# [Jabama](https://www.jabama.com/) website data scrap

In this notebook, I try to scrap data from [Jabama](https://www.jabama.com/) website. 

This site is providing services in the field of accommodation and is one the leaders accommodation market in Iran. There are residences available in almost all major or tourist towns in Iran. People can rent any kind of residences in the website for a short to medium time period. There are many kinds of residenc like apartment, villa, suite, complex, inn, hostel, ecotourism and etc, available in the site. 

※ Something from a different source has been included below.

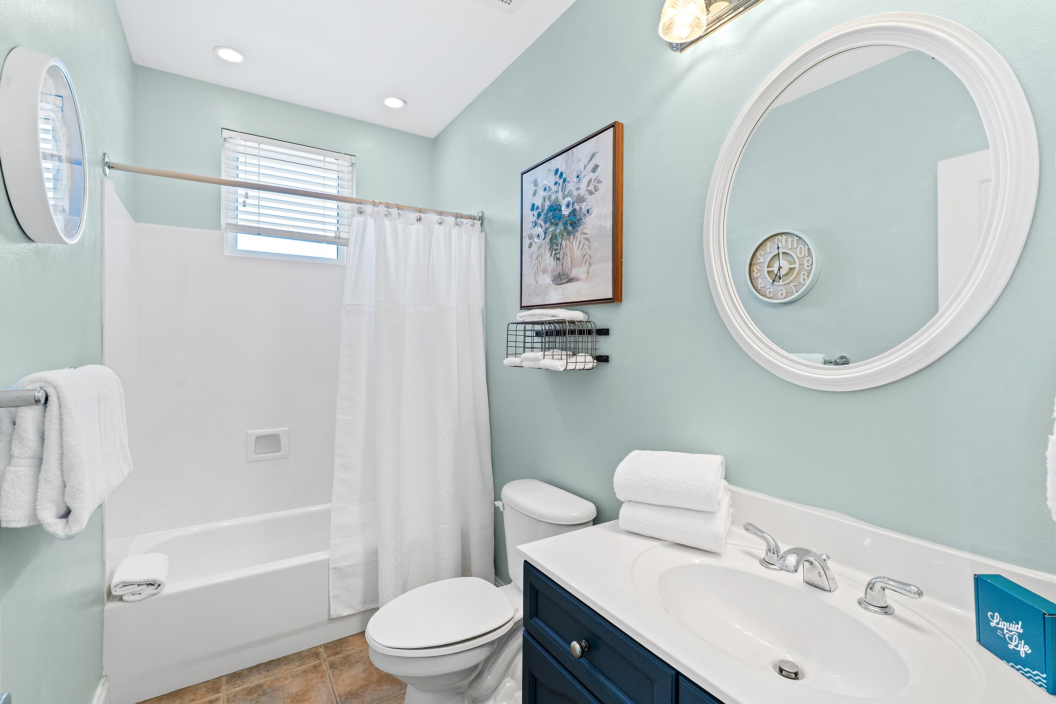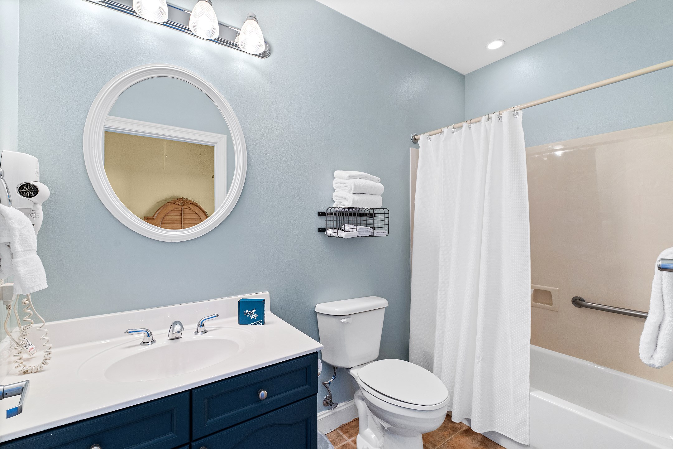 Additional conveniences include a sofa sleeper, a half bathroom, and a washer and dryer in the unit.

Therefore we can find valuable information about accommodation conditions (like price and ...) in the country.

## Import libraries
We use 3 main libraries for web scraping:

1.   Csv (for read input data and write final data)
2.   Requests (for http request to web pages)
3.   BeautifulSoup (the main library for web scrap)

In [1]:
import csv
import requests 
from bs4 import BeautifulSoup

## Software structure
I need all accommadations information for a good analysis, but unfortunately the site does not have the feature for getting all information. I even called the website support team and they informed me that I cannot get all information from the site directly. So I did the following activities to gather a good and complete set of accommodation data set.

At first, I open and read a text file called *Cities.txt*, which consists of the provinces and major cities of Iran. For all rows in the file, I build a Url for searching in the website.The Url looks like :*https://www.jabama.com/search?q=مازندران&kind=accommodation&page-number=1*, which means page 1 of the search result of all accommodation types for province or city *مازندران*. So if I search all pages (max=70) for all cities or provinces, almost the information of all residences of the site will be gathered.

In each page, there will be at most 12 accommodations (at the end of year 1399). I get accommodations by web scraping and for each accommodation in the page, I build a Url to request the accommodation page. The Url looks like *https://www.jabama.com/stay/cottage-102172*. 

At last, I can get all information about accommodations like price, foundation, rooms and ... by scraping the page. Ofcourse some information is in the accommodation Url like accommodation kind and code. 

By adding new cities to *Cities.txt*, you can gather new records of data.

#### Scrap_and_Save function
This function get each search page result and scrap it and save the accommodation data into result file in csv format. I separate the scrap section of my code into a funtion for higher understandability.

In [2]:
# Scrap the page soup in paramters
# It is working based on the https://www.jabama.com/city-tehran?page-number=3 pages
def Scrap_and_Save(soup, data_file) :
    # Find all stays
    stays = soup.find_all('a', attrs= {'class':'vertical-card'})
    for each_stay in stays:
        temp_Url = Jabama_Url_WithoutSlash + each_stay['href']
        
        # Check if stay is found
        response = requests.get(temp_Url)
        response.encoding = 'utf-8'
        if response.status_code != 200:
            continue
        
        soup = BeautifulSoup(response.content, 'html.parser')
        
        # Find url features
        code = kind = ''
        split_url = each_stay['href'].split('-')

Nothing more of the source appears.